Tamarind glazed quail recipe

Foodtourist.com Restaurants, Wine, Travel, Opinions

Tamarind glazed quail recipe

Reviewed By

Sue Dyson and Roger McShane

Farmed quail do not have as much flavour as their free-range cousins so we like to add something punchy to them.
The idea for this recipe germinated during a trip to the United States where we had various versions of miso-glazed sea bass. One was at Aqua in California and another was at Nobu in New York.
We thought about it in relation to quail (which you often see prepared with something sweet such as honey).
Rather than using miso, our thoughts then turned to lovely sour tamarind which we use a lot in our cooking. We developed this glaze based on tamarind and palm sugar - two flavours that are often found together in South East Asian cooking. But we also found that the lime juice provides another acid layer that rounds out the flavour profile.
6 quail (at room temperature)
75 grams tamarind pulp
1 cup boiling water
1 teaspoon fresh ginger
2 teaspoons rice wine
35 grams palm sugar, finely grated
1 tablespoon lime juice
1 teaspoon fresh red chilli finely chopped
1 tablespoon vegetable or peanut oil
Measure out the required quantity of tamarind pulp and place in a ceramic bowl. Pour one cup of boiling water over and leave to soak. When the water is cool enough, use your hands to mash the pulp as finely as possible. Push the liquid and as much of the pulp as possible through a fine sieve into a heavy saucepan.
Add all the other ingredients except the quail. Bring to the boil and then simmer until the liquid is reduced and has the consistency of a heavy syrup.

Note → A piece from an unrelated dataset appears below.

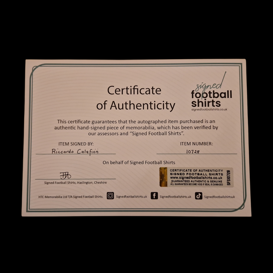 In July 2024, he joined Premier League club Arsenal for an initial fee of £33.6 million, this 2025–26 football shirt was personally hand signed by Riccardo Calafiori.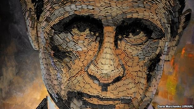 Një artiste nga Ukraina ka përdorur 5 000 fishekë të shpenzuar për të krijuar një portret të presidentit rus, Vladimir Putin, të titulluar “Fytyra e luftës”.

Sieve into a bowl, then allow to cool to a sticky glaze.
Baste the quail on both sides with the glaze.
Heat a frying pan or, preferably, a stove top grill plate, and place the quail on. Cook for about three minutes on each side until just cooked through. Baste with more of the mixture if required.
Allow to rest for a few minutes before serving.
Note: The glaze can be made beforehand and will keep for a week or more in the fridge.
© Sue Dyson and Roger McShane, 2001
This recipe must not be reproduced in print or displayed on another Web site in part or whole without the written permission of the authors.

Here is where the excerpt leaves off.